- **WHAT YOU NEED TO DO**
Would you transcribe the entries below, beginning at the line with "You are here" and ending after the line with "Andoer Caricabatteria NP-40", exactly, with no picture and nothing more?

- **GIVEN ENTRIES**

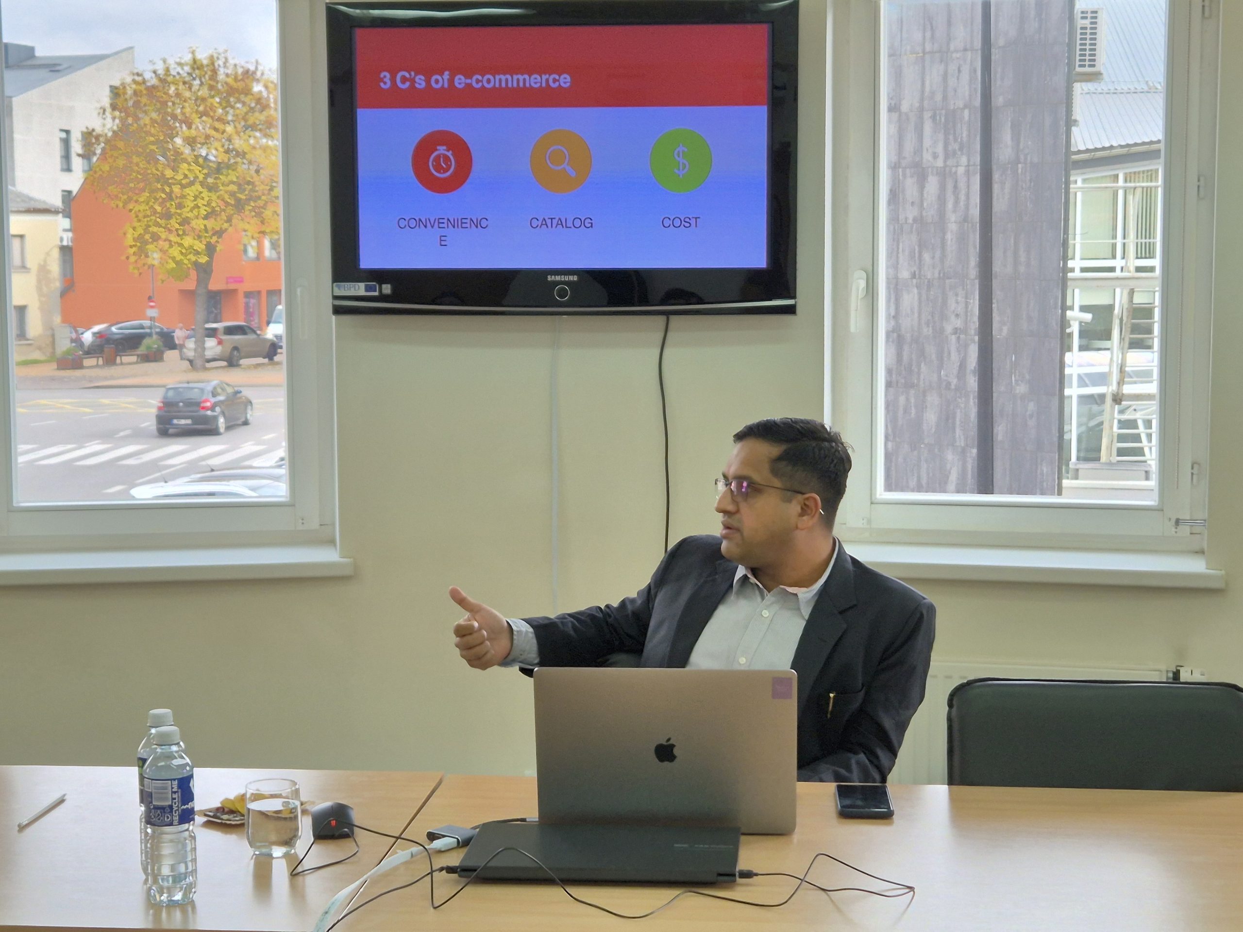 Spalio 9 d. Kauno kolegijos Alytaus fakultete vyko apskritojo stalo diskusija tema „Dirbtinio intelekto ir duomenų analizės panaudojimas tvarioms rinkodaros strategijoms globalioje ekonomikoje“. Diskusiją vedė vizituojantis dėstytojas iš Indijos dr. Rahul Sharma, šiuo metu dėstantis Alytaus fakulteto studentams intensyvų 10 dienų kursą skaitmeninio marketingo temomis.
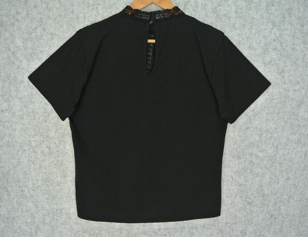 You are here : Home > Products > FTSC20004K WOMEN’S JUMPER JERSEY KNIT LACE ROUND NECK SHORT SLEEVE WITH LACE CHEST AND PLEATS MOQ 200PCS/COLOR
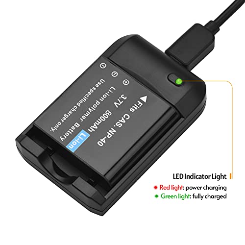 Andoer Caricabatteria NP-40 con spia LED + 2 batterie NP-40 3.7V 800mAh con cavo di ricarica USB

--

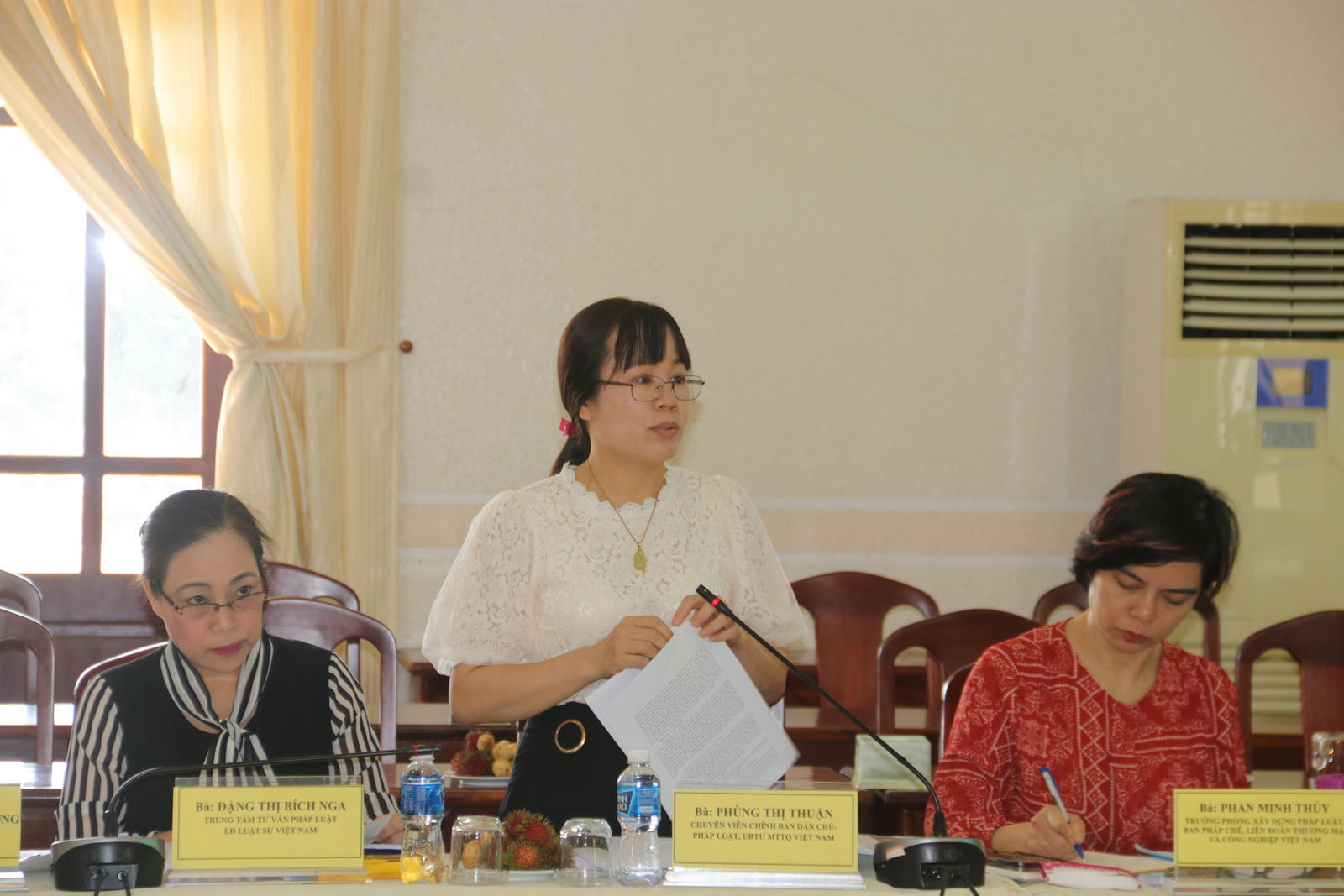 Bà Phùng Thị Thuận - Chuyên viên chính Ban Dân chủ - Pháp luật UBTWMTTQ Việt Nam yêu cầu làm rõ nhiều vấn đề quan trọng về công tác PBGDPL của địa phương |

* * *

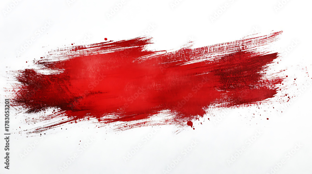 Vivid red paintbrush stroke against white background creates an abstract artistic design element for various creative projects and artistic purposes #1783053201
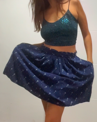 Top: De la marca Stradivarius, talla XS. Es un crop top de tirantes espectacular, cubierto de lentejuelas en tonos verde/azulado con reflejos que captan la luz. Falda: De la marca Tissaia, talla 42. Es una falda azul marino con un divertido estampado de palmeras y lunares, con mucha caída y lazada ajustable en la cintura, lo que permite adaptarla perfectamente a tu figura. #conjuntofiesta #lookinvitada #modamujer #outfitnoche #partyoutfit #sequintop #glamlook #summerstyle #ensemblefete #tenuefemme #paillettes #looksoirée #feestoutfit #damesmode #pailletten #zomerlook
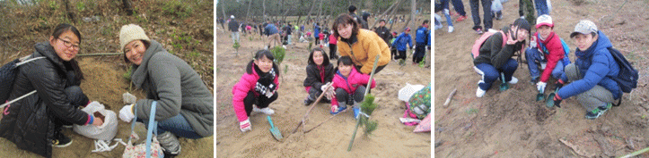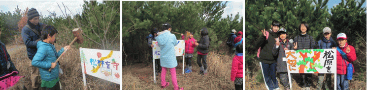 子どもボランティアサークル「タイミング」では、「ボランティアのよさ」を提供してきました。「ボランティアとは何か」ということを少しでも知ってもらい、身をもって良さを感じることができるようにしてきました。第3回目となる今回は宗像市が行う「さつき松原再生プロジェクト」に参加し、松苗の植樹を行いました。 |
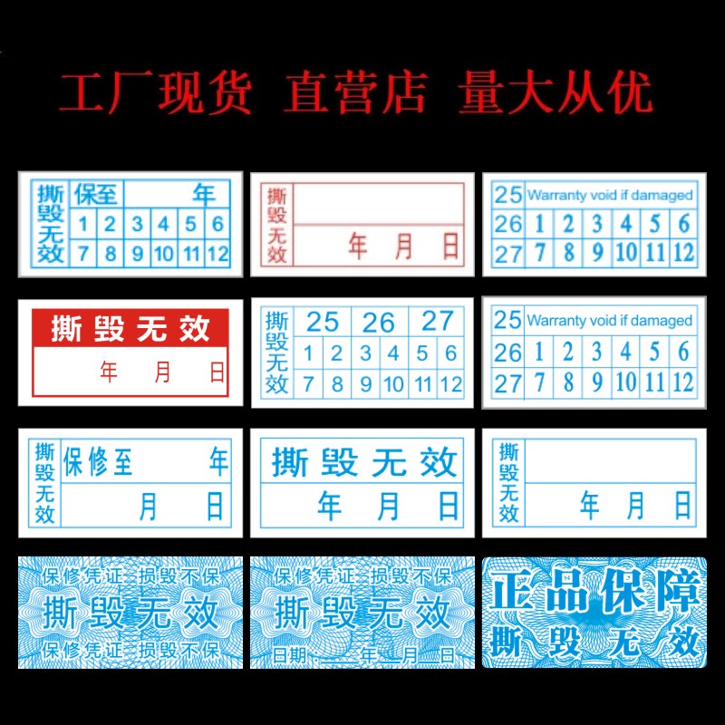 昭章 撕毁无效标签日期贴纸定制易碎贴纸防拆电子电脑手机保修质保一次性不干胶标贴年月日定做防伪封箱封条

- **ANSWER BELOW**
 You are here : Home > Products > FTSC20004K WOMEN’S JUMPER JERSEY KNIT LACE ROUND NECK SHORT SLEEVE WITH LACE CHEST AND PLEATS MOQ 200PCS/COLOR
 Andoer Caricabatteria NP-40 con spia LED + 2 batterie NP-40 3.7V 800mAh con cavo di ricarica USB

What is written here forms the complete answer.